Description
Chair: Julia Kempe
Physicians make critical time-constrained decisions everyday. Clinical predictive models can help physicians and administrators make decisions by forecasting clinical and operational events. Existing structured data based clinical predictive models have limited use in everyday practice due to complexity in data processing, model development, and deployment. Here, we show that unstructured clinical notes from the electronic health record can enable the training of clinical language models, which can be used as all-purpose clinical predictive engines with low-resistance development and deployment. Our approach leverages recent advances in natural language processing to train a large language model for medical language (NYUTron), and subsequently finetune it across a wide range of clinical and operational predictive tasks.
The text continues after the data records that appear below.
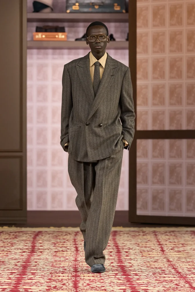 Sartori apresenta uma proposta mais comedida e realista, inspirada em um terno de lã de 1930 do acervo da marca. O resultado é um guarda-roupa refinado, de silhuetas slim e padronagens discretas, feito para a vida real, mas com o acabamento impecável que consagra a casa.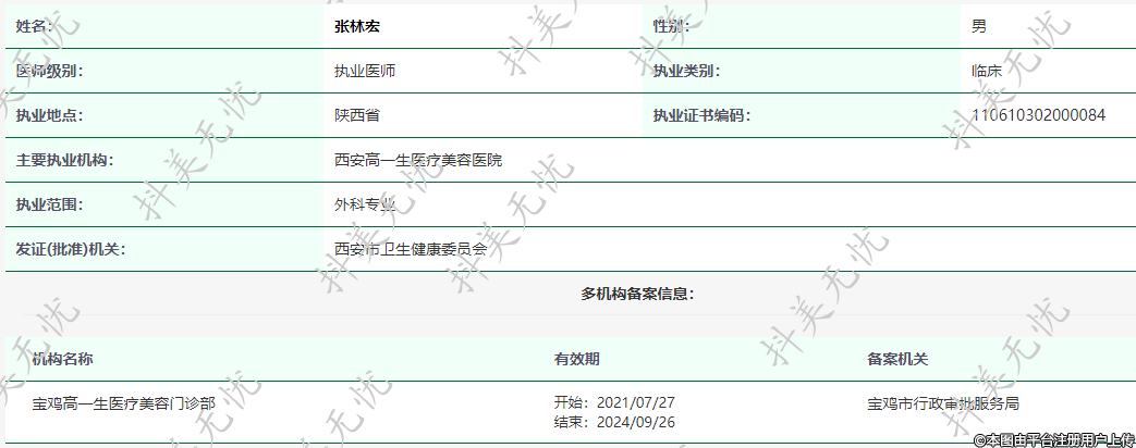 主要執(zhí)業(yè)機(jī)構(gòu):西安高一生醫(yī)療美容醫(yī)院
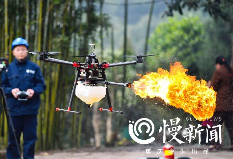 在国网重庆市电力公司永川供电公司无人机班,电力工人手中的无人机既是巡检的工具,更是作战的武器。今天(16日),电力工人何涛和晏新就给当地百姓露了一手绝活——无人机喷火剿灭马蜂窝。

We evaluated our approach within our health system for five such tasks: 30-day all-cause readmission prediction, in-hospital mortality prediction, comorbidity index prediction, length of stay prediction, and insurance denial prediction. We show that NYUTron has an AUC of 78.7%-94.9%, with an improvement of 5.36%-14.7% AUC compared to traditional models. We additionally demonstrate the benefits of pretraining with clinical text, potential for increasing generalizability to different sites through finetuning, and demonstrate full deployment of our system in a prospective, single-arm trial. These results show the potential for using clinical language models in medicine to read alongside physicians and provide guidance at the point of care.